“厉锋!”苏婉一把扶住我,声音焦急,“你怎么了?脸色这么难看!”
我喘着气,冷汗直流:“那孩子……没死透。他的魂还在灯里。”
“啥?!”朱小福尖叫,“灯里藏魂?那不是成精了?!”
“不是成精。”我盯着心灯,“是‘灵媒反噬’。我用怨蚀封印他时,他的执念附在了心灯上,成了灯灵。所以他才说……‘灯会骗人’。”
“所以这童谣是他在提醒你?”苏婉问。
“不全是。”我摇头,“还有别的东西在模仿他。

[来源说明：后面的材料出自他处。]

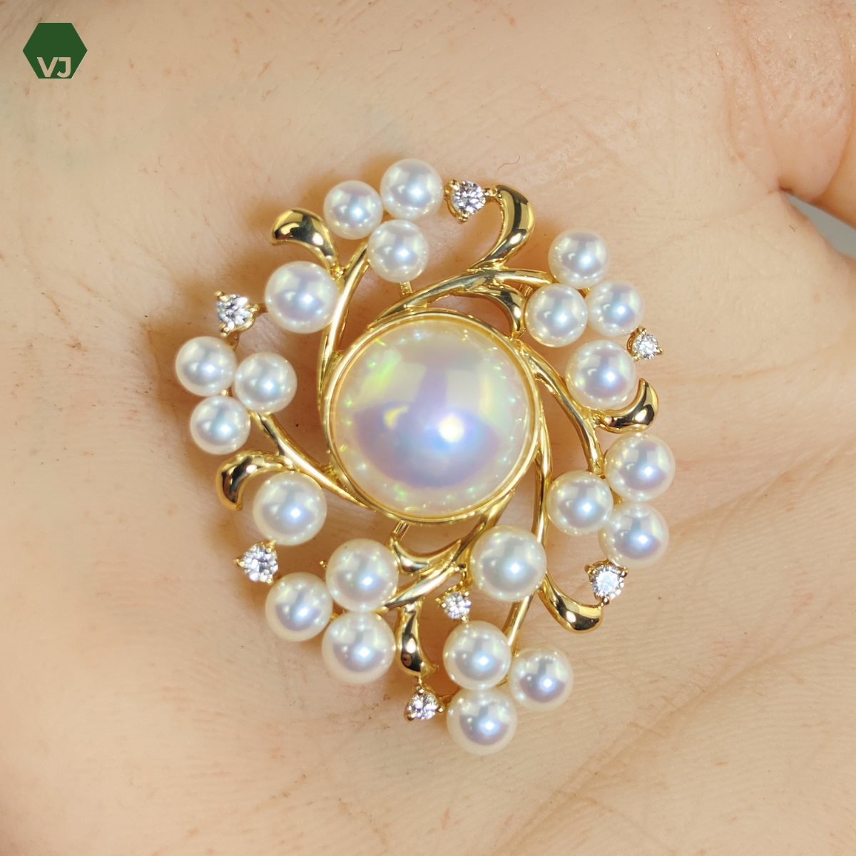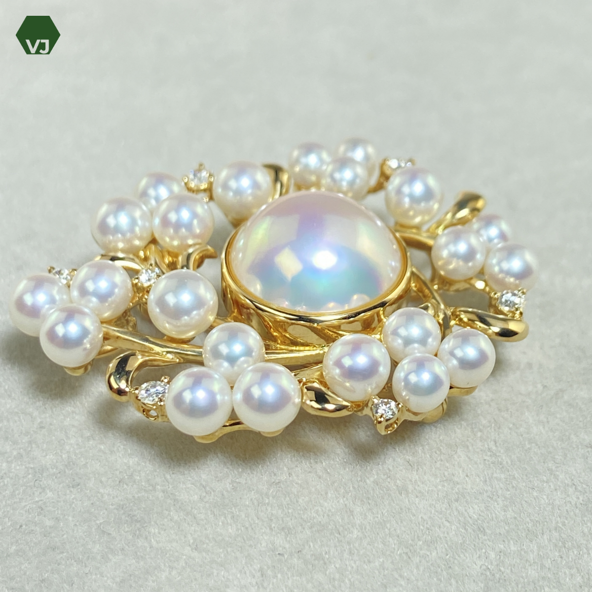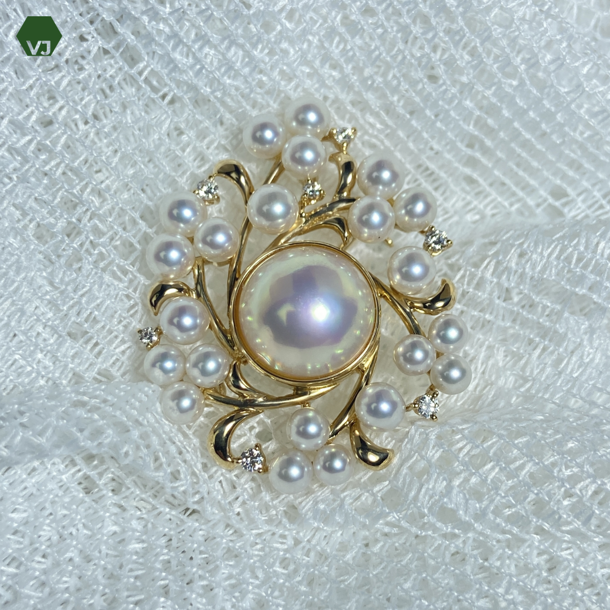 上質なパールとダイヤモンドを組み合わせた、TASAKIならではのエレガンスが光るK18YGブローチです。

”
话音刚落,灯焰骤然暴涨,一道瘦小的身影从火中浮现——正是那个少年,但这次,他的眼睛是纯白的,嘴角咧到耳根,笑声尖细刺耳:“哥哥……来呀……点灯啦……”
“假的!”我暴喝,“那是傀儡!”
阿蛮二话不说,又是一箭射去,却被一道无形屏障挡住。
朱小福吓得一屁股坐地:“它、它冲我笑了!我还没娶媳妇呢!”
“少废话!”我抽出腰间黑铁刀,“苏婉,护住朱小福!阿蛮,听我号令——三、二、一,射灯座左侧第三块砖!”
“啥?!”阿蛮愣住,“那不是空的吗?”
“信我!”
阿蛮咬牙,拉弓如满月,一箭射出。
“叮”一声,箭尖击中青砖,砖面裂开,露出一枚锈迹斑斑的铜铃。
我纵身跃起,刀背猛击铜铃!
“铛——!”
一声清鸣,响彻大殿。
火中的“少年”发出凄厉惨叫,身影扭曲溃散。心灯火焰剧烈摇晃,墨紫褪去,恢复成微弱的橙光。
殿内,瞬间安静。
“……完、完了?”朱小福探头探脑。
我喘着气,捡起铜铃。铃身刻着一行小字:“镇魂铃,制心魔。”
“原来这才是关键。”苏婉恍然,“心灯本身无害,是有人用这铃操控灯灵,制造幻象。”
我冷笑:“鬼哭峡的守门人,恐怕早就死了。真正的东西,一直藏在这殿里。”
阿蛮踢了踢地上的破魔箭:“所以咱们白忙活一场?”
“不。”我握紧铜铃,“心灯不能取,但我可以‘借’。”
“借?”苏婉皱眉,“怎么借?”
我望向心灯,低声道:“用我的血,换它七日光。灯不灭,我不忘——但代价,是我每活一天,就得割一道魂。”
朱小福傻了:“那不成活人祭了?”
“总比死了强。”我咧嘴一笑,划破手掌,鲜血滴入灯盏。
火焰“腾”地燃起,温暖明亮。
就在这时,铜铃忽然震动,铃舌自动敲响。
一声,两声,三声。
铃声清越,却诡异地不散,反而在大殿穹顶盘旋回荡,像是有无数个声音在同时应和。
我心头一凛,抬手欲握铃柄镇住异动,可那铜铃竟自行浮起半寸,悬在掌心之上,锈迹剥落处隐隐透出青幽纹路,像活物般蠕动。
“不对劲……”我低声道,“镇魂铃不该自己响。”
苏婉脸色微变:“三声铃,唤阴兵。古籍上说,这是勾招亡者列阵的号令……可这里,并没有布阵之人。”
话音未落,殿外风雪骤停。
不是渐止,而是——戛然而止。仿佛天地间的风都被一只巨手掐住了咽喉。
紧接着,归藏殿的地砖开始一寸寸泛黑,裂纹如蛛网蔓延,每一道缝隙里都渗出淡淡的雾气,带着腐香,像是陈年棺木打开时的气息。
“谁……在叫我们?”朱小福颤声问。
他话刚出口,雾中便传来回应——
一声轻笑。
又一声轻咳。
再一声,是女子哼着不成调的曲儿,正是那童谣的旋律,只是这次,温柔得令人毛骨悚然。
阿蛮迅速退到我身旁,弓已上弦,眼神扫视四方:“厉大哥,咱们被围了。”
我盯着悬浮的铜铃,忽然明白过来:“不是有人在叫我们……是这铃,它根本不是‘镇’魂的,它是‘召’魂的。”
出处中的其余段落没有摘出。